Source: : University of California - San Diego
Date: 6 April 2009

Protein Protects Neurons In Brain From Damage Due To Inflammation

A new study helps to explain why people who carry mutations in a gene known as Nurr1 develop a rare, inherited form of Parkinson's disease, the most prevalent movement disorder in people over the age of 65.

A research team from the University of California, San Diego School of Medicine and the Salk Institute for Biological Studies in La Jolla has identified a protein in the brain of mice that protects neurons from excessive inflammation, which can lead to neurodegenerative disorders such as Parkinson's disease.

Their study, which identifies the protective function of a protein called Nurr1 and defines the pathway by which it works, will be published in the April 3 edition of the journal Cell.

Nurr1 is a transcription factor that has been known for some time to play an essential role in the generation and maintenance of dopaminergic neurons in the brain. Rare mutations in Nurr1 are associated with familial Parkinson's disease, and the loss of dopaminergic neurons – which are the main source of dopamine in the central nervous system – is associated with the disease. Dopamine helps control multiple brain functions such as movement, attention, pleasure, emotion and motivation. The new findings have uncovered a second and previously unexpected role of the Nurr1 protein in two other cell types in the brain – microglia and astrocytes. The brain's microglia are macrophage-like cells that are active components of the immune defense in the central nervous system, while astrocytes are large star-shaped cells that normally play important support functions in the brain.

Working in mice, researchers in the Laboratory of Genetics headed by Fred H. Gage, PhD, professor at the Salk Institute, reduced the expression of Nurr1 in the brain to see how it affected the inflammatory stimulus when the brain was infused with either bacterial lipolysaccharide (LPS) – a potent activator of microglia – or with a mutant form of alpha synuclein that is associated with an early form of familial Parkinson's disease. They found that, in the absence of Nurr1, inflammation was increased in the region where dopaminergic neurons are found, resulting in a toxic effect on those neurons.

"LPS won't normally kill neurons, but the neurons died when Nurr1 was removed, so we realized that another cell type in the brain must be responding to LPS to cause this toxic effect," Gage said.

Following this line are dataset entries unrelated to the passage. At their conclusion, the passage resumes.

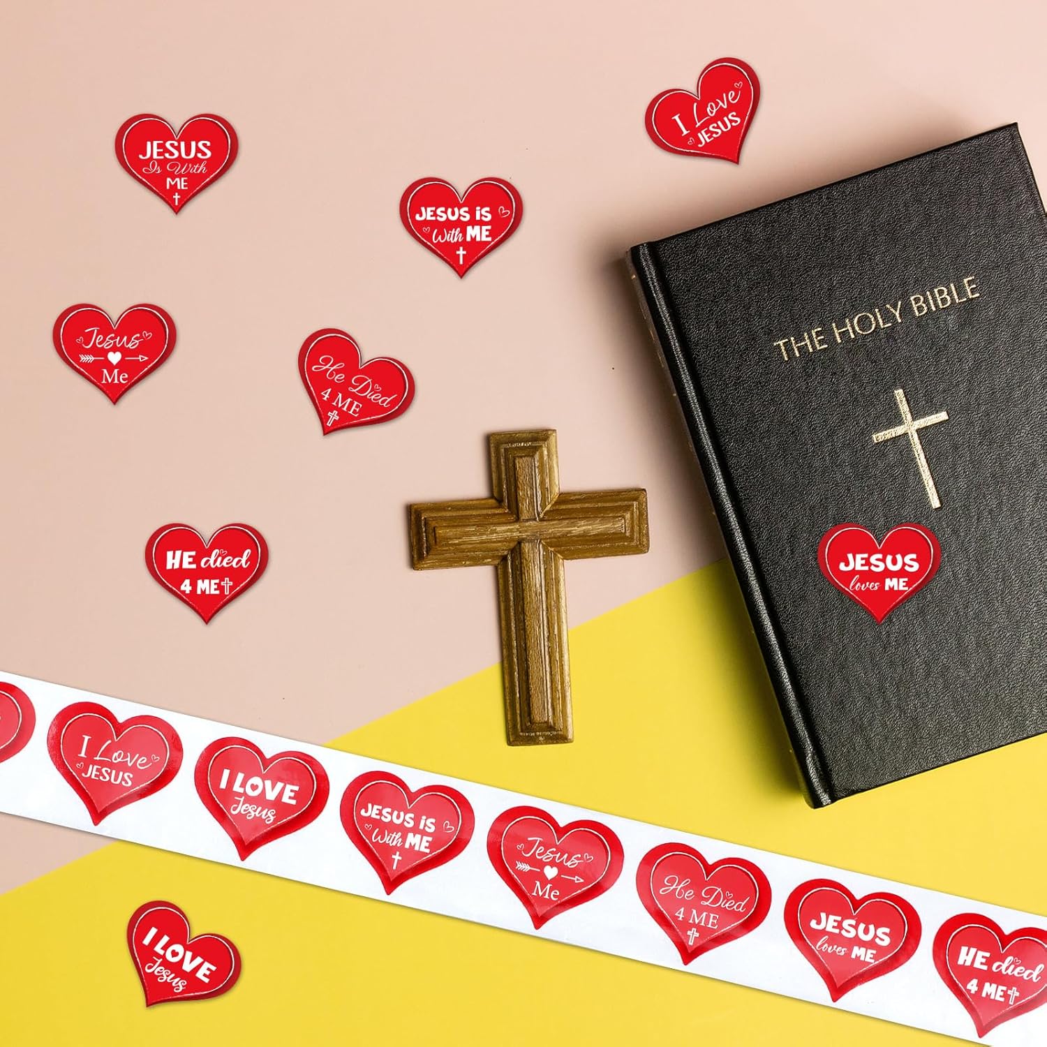 Feature: Beautiful appearance: Jesus loves me Christian stickers are made of high-quality self-adhesive paper, each covered with a film, not easy to fade or break, reusable and durable, its eye-catching color and appearance design are also a surprise. Fun and educational: This roll of religious stickers is not only a beautiful decoration, it is also a nice tool to help people learn about the story of Jesus and understand the faith in a fun and interactive way. Basic information: Quantity: 1 pcs Sizes: 1.18 inches (L) Material: Paper Color: red Package include: 1 x Jesus Loves Me roll sticker Notes: Manual measurement, please allow slight errors on size. Due to the screen display, the color of the item may differ slightly from the picture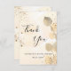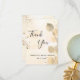 A Bridal Shower thank you card. A golden watercolored background decorated with golden eucalyptus and faux gold glitter dust. On front large black coloured hand lettered script and the text: Thank You, your text, title and a date.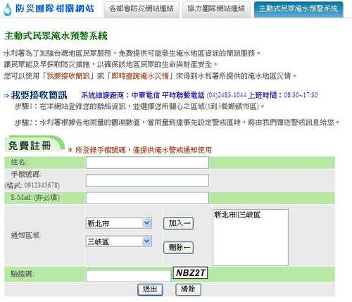 欲收淹水警戒簡訊通報登入手機號碼網址: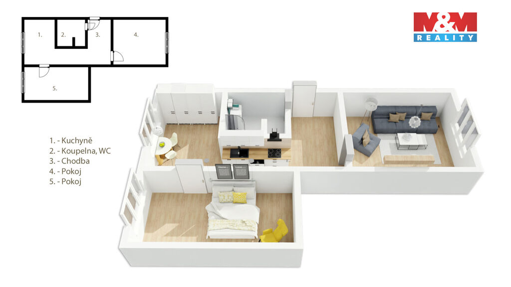 Nabízíme ke koupi světlý a prostorný byt 2+1 o podlahové ploše 62 m² v osobním vlastnictví, umístěný ve 4. patře panelového domu s výtahem. Součástí patra je lodžie, kterou je možné využívat společně s vedlejší bytovou jednotkou. Dům prošel revitalizací a na střeše je instalovaná solární elektrárna, což výrazně snižuje provozní náklady.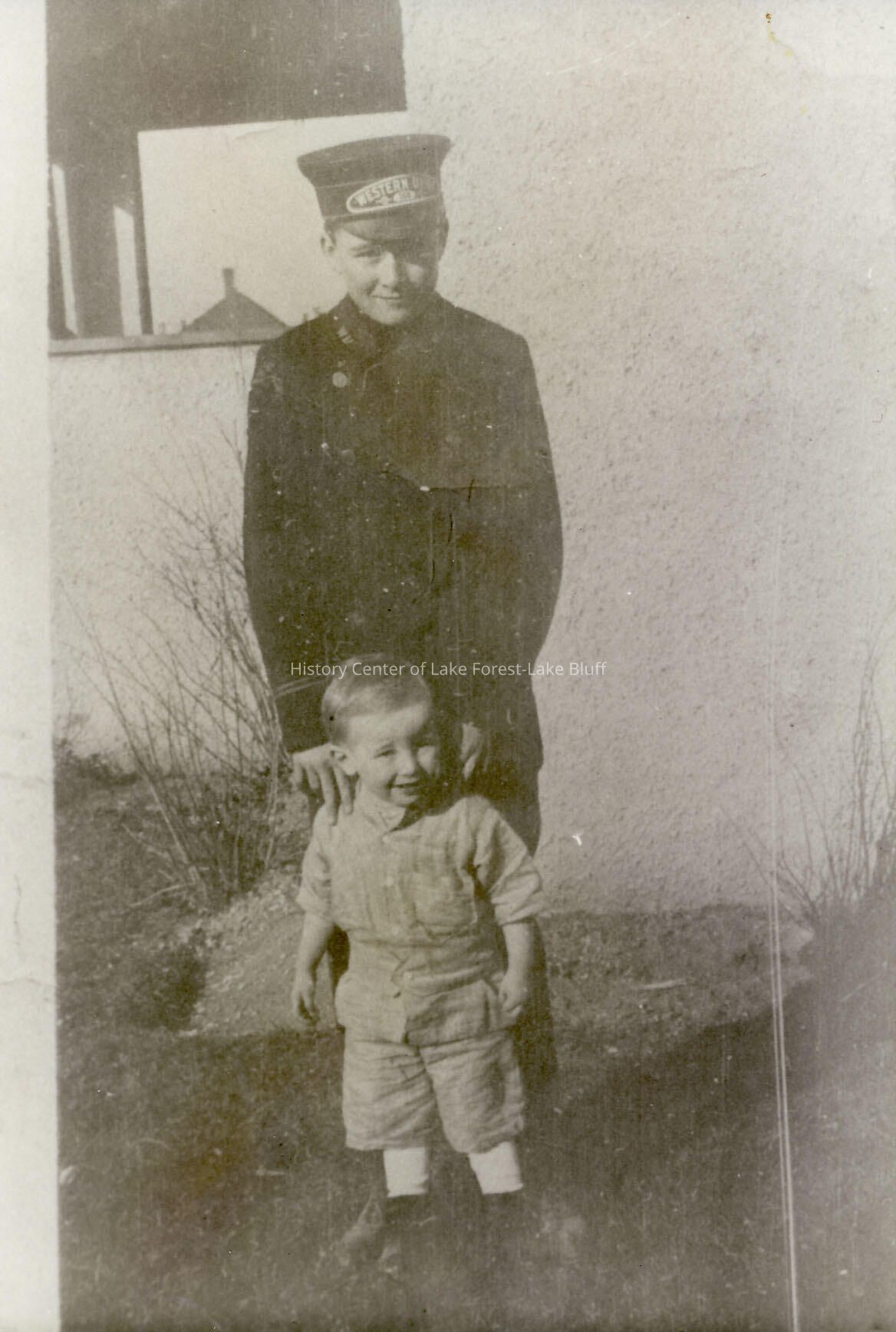 An original photo from 1916-1917, showing William Kiddle (1902-1988) at age 14. William was the third son of Charles and Anne Kiddle of 895 Summit Avenue, Lake Forest. William is wearing a Western Union telegraph delivery boy's uniform. With William in the photo is his little brother Charlie.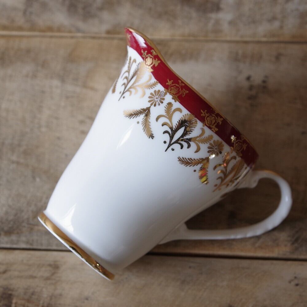イギリス製 ヴィンテージ ロイヤルグラフトン ワインレッド ゴールド クリーマー #200317 レトロ モダン Royal Grafton 陶器 食器 アンティーク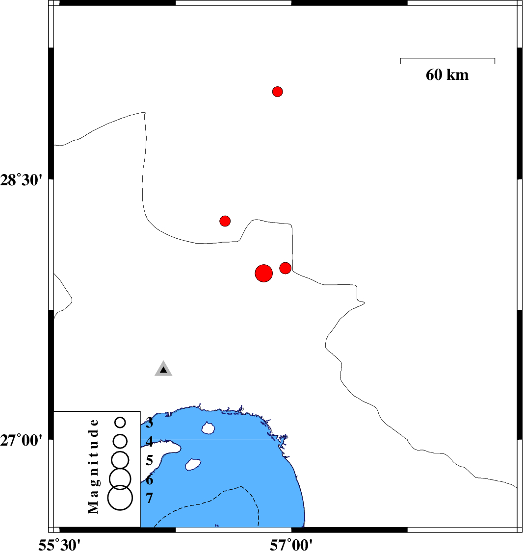 2010/11/08 | 11:14:57.4 | 14:44:57.4 | 28.26 | 56.57 | 14 | ML:3.1 | Kerman Province, 65 km East of Hajiabad | ||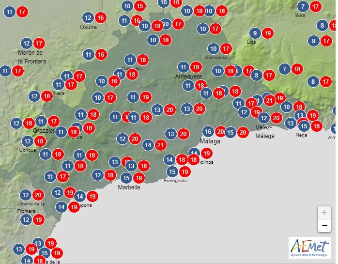 Estas son las temperaturas máximas y mínimas que prevé la Aemet.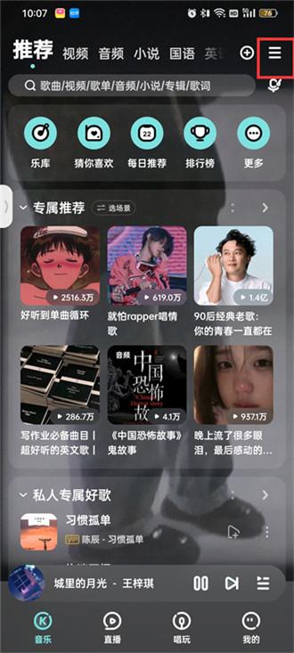 1.首先打开酷狗音乐软件,进入主页之后点击右上角的【三横】图标;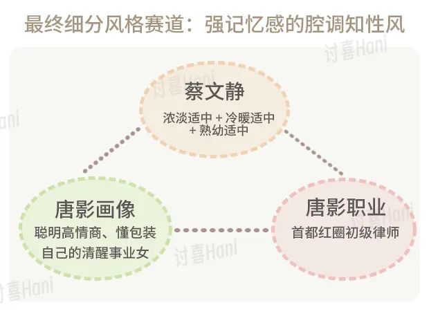 后期的职场风是更松弛慵懒风,有终于不用再装的放松感,也是在知性风上做了小小改动,唐影对自己的定位始终是清醒的。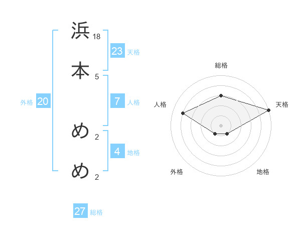 浜本 めめさんの天格は23画の5点!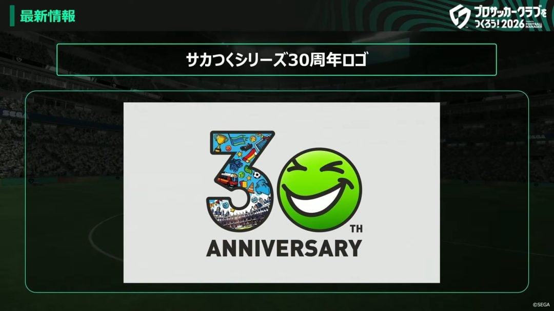 2月23日に「30周年記念」との表記が見えるが、これは2026年2月23日にシリーズ第1作目の発売からちょうど30周年を迎えることにちなんだイベントが開催されることを示している。『サカつく2026』でもシリーズ30周年を祝う企画が進行しているようで、オープンされたばかりの30周年特設サイトなどで徐々に明らかになっていくようだ。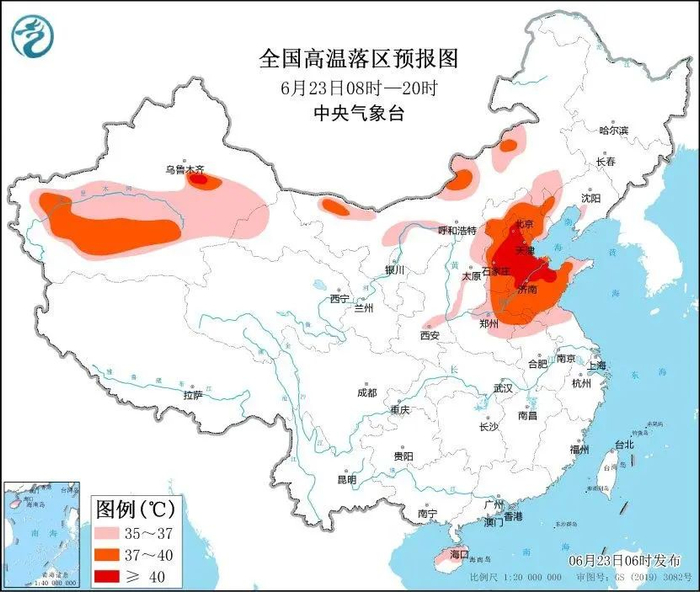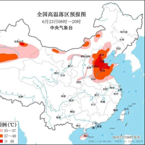 据央视新闻,中央气象台6月23日06时继续发布高温橙色预警:预计6月23日白天,华北、黄淮等地将继续出现35℃以上的高温天气,其中,北京、天津、河北、山东、河南北部和东部等地最高气温有37~39℃,北京、天津、河北中南部、山东北部等地的部分地区最高气温可达40℃左右;此外,新疆吐鲁番和南疆盆地、内蒙古西部和中部偏北地区等地也有35~38℃的高温天气,吐鲁番局地最高气温可达40℃左右。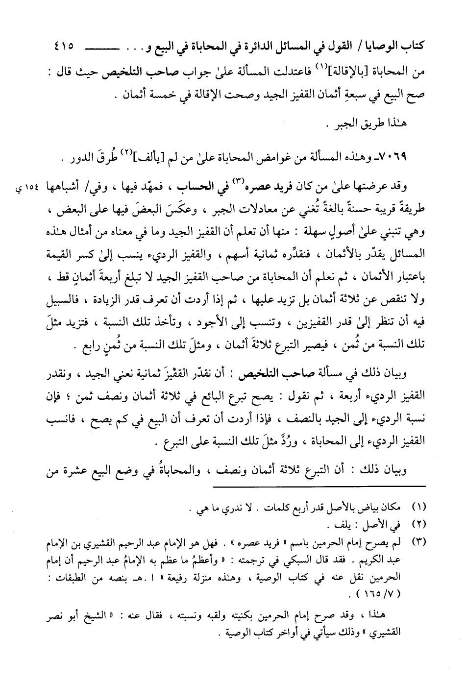 (3) لم يصرح إمام الحرمين باسم "فريد عصره". فهل هو الإمام عبد الرحيم القشيري بن الإمام عبد الكريم. فقد قال السبكي في ترجمته: "وأعظمُ ما عظم به الإمامُ عبد الرحيم أن إمام الحرمين نقل عنه في كتاب الوصية، وهذه منزلة رفيعة" ا. هـ بنصه من الطبقات: (7/ 165).

Working with isolated cells, researchers in the laboratory of Christopher Glass, MD, PhD, professor of Cellular and Molecular Medicine at UC San Diego School of Medicine and principal investigator of the study, found that microglia were the initial sensors of inflammation. "We found that if we get rid of Nurr1 in microglia, they become very sensitive to inflammatory stimulation and they over-respond, leading to the production of toxic factors." The researchers then found that factors produced by activated microglia are sensed by astrocytes. This cross-talk between the microglia and astrocytes created further inflammatory mediators that were toxic to neurons.

The second part of the study explains the molecular mechanisms that enable Nurr1 to protect the neurons by shutting off inflammatory responses in microglia and astrocytes. The researchers describe a very complex pathway made up of more than a dozen key proteins. Ultimately, the function of this pathway is to shut off expression of genes that produce inflammatory and neurotoxic mediators.

These findings are consistent with a growing appreciation of the potential roles of inflammatory responses in the central nervous system as inducers or amplifiers of a spectrum of neurodegenerative diseases that include Parkinson's disease.

"Although no prospective clinical trials have yet been performed in humans that show a benefit of inhibiting inflammation in any neurodegenerative disease, the presence of signs of inflammation in Parkinson's disease patients suggest that this could be a valuable strategy", said Glass. "The value of the present studies is that they bring to light a cell communication pathway that serves to protect the cells that make dopamine from exaggerated inflammatory responses."

Glass added that defects in any one of the proteins involved could thus increase susceptibility to neurodegenerative disease, and that understanding this communication pathway in the brain could provide potential new therapeutic targets to inhibit the production of factors that promote neuronal death.

Additional contributors to the paper include Kaoru Saijo and Jana G. Collier, UCSD Department of Cellular and Molecular Medicine; Beate Winner and Christian T. Carson, Laboratory of Genetics, Salk Institute; Leah Boyer, UCSD Biomedical Science Graduate Program and the Salk Institute; Michael G. Rosenfeld UCSD Department of Medicine and the Howard Hughes Medical Institute.

The research was supported by grants from the National Institutes of Health, the California Institute for Regenerative Medicine and the Picower Foundation. Winner is a Feodor-Lynen fellow of the Alexander von Humboldt Foundation.